What is expected ->
Word for word, set down every line of the entries below from the line with "You know how" to the line with "Potvrzené případy testovaných", including both, and no other line.

Records provided ->
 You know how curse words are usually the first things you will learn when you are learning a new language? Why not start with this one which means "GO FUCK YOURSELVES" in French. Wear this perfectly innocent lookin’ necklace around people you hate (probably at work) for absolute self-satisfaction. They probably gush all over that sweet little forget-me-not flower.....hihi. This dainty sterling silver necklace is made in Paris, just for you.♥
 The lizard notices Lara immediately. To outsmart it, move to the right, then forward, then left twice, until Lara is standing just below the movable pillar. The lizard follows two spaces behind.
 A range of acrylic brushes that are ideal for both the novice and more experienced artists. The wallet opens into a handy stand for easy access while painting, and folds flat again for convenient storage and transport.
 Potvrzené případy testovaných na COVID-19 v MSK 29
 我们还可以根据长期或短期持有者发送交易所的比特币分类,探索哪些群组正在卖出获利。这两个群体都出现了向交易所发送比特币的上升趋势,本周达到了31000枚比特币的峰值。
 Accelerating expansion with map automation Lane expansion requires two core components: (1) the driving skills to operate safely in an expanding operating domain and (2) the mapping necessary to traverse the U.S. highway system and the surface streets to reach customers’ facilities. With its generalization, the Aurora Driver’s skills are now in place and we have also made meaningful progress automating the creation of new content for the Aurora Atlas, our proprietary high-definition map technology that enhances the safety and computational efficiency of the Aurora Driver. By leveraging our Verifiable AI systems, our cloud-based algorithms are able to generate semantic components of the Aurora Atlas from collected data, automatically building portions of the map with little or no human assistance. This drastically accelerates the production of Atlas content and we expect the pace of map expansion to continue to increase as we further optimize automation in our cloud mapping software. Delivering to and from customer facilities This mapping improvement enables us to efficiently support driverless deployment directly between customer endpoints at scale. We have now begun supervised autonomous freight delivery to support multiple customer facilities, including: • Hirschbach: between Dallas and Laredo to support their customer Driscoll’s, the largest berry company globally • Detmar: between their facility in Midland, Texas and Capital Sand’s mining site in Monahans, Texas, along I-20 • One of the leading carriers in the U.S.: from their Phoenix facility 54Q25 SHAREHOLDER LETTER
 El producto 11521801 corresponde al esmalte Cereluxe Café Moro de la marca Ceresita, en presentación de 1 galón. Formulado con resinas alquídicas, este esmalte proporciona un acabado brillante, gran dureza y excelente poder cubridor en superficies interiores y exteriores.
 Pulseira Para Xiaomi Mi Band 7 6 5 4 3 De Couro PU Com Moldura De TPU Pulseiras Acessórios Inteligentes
* * *
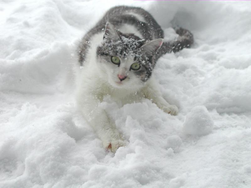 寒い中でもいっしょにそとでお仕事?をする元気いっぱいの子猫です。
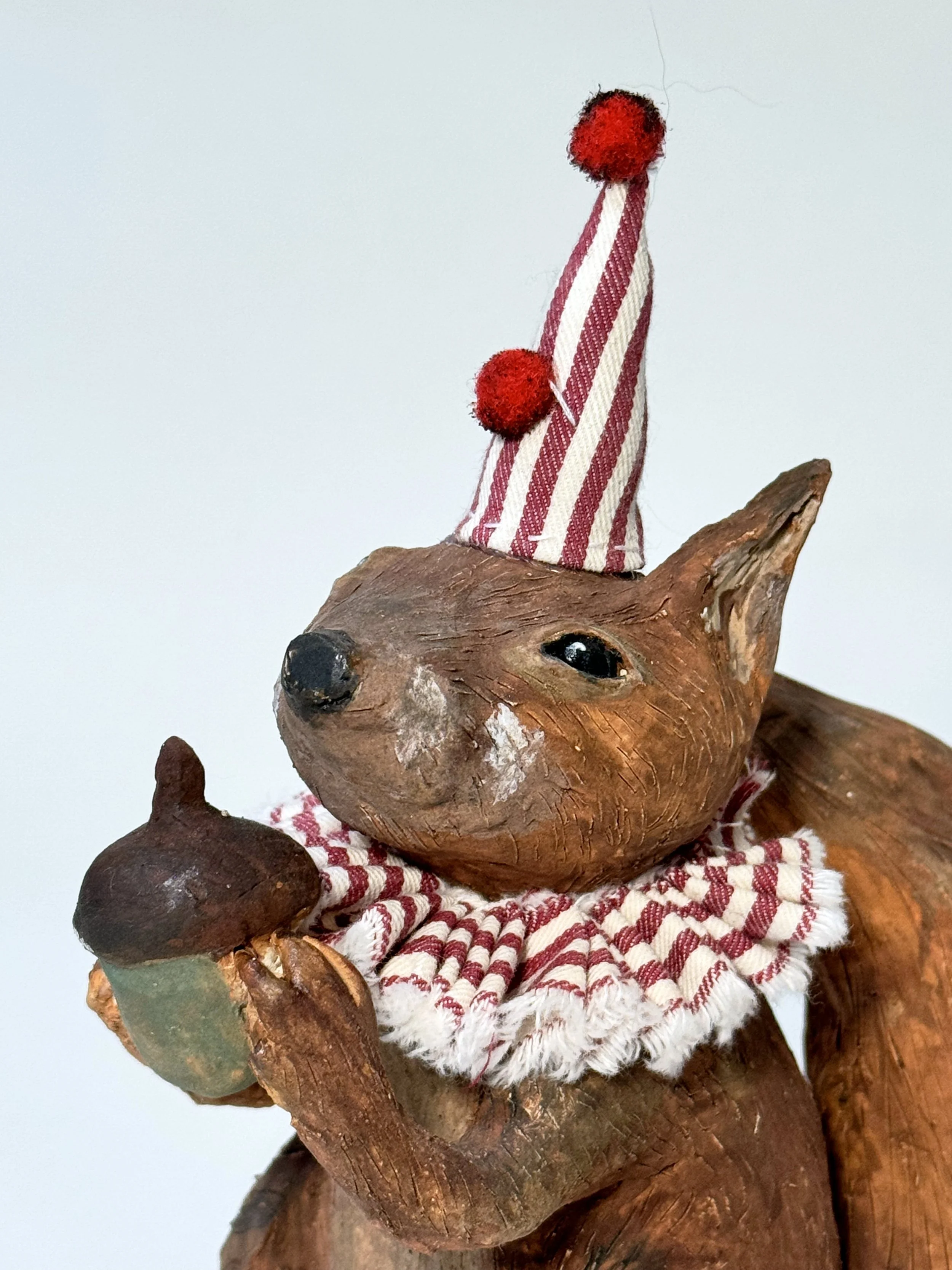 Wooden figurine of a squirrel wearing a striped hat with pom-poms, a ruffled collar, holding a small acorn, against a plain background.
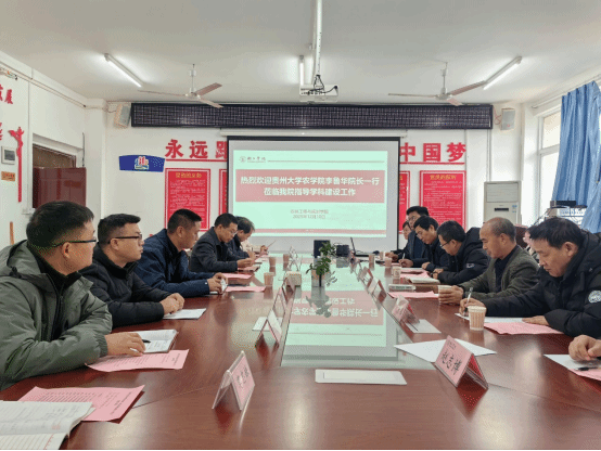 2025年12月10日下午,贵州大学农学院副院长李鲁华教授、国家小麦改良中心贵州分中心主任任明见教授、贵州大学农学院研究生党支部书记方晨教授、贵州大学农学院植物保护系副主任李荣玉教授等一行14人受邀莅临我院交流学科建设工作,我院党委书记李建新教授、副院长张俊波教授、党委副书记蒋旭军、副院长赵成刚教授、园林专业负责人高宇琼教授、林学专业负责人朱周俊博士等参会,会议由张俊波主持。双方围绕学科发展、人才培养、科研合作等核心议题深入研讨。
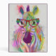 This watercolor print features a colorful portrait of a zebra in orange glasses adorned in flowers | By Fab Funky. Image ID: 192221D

Task solution ->
 You know how curse words are usually the first things you will learn when you are learning a new language? Why not start with this one which means "GO FUCK YOURSELVES" in French. Wear this perfectly innocent lookin’ necklace around people you hate (probably at work) for absolute self-satisfaction. They probably gush all over that sweet little forget-me-not flower.....hihi. This dainty sterling silver necklace is made in Paris, just for you.♥
 The lizard notices Lara immediately. To outsmart it, move to the right, then forward, then left twice, until Lara is standing just below the movable pillar. The lizard follows two spaces behind.
 A range of acrylic brushes that are ideal for both the novice and more experienced artists. The wallet opens into a handy stand for easy access while painting, and folds flat again for convenient storage and transport.
 Potvrzené případy testovaných na COVID-19 v MSK 29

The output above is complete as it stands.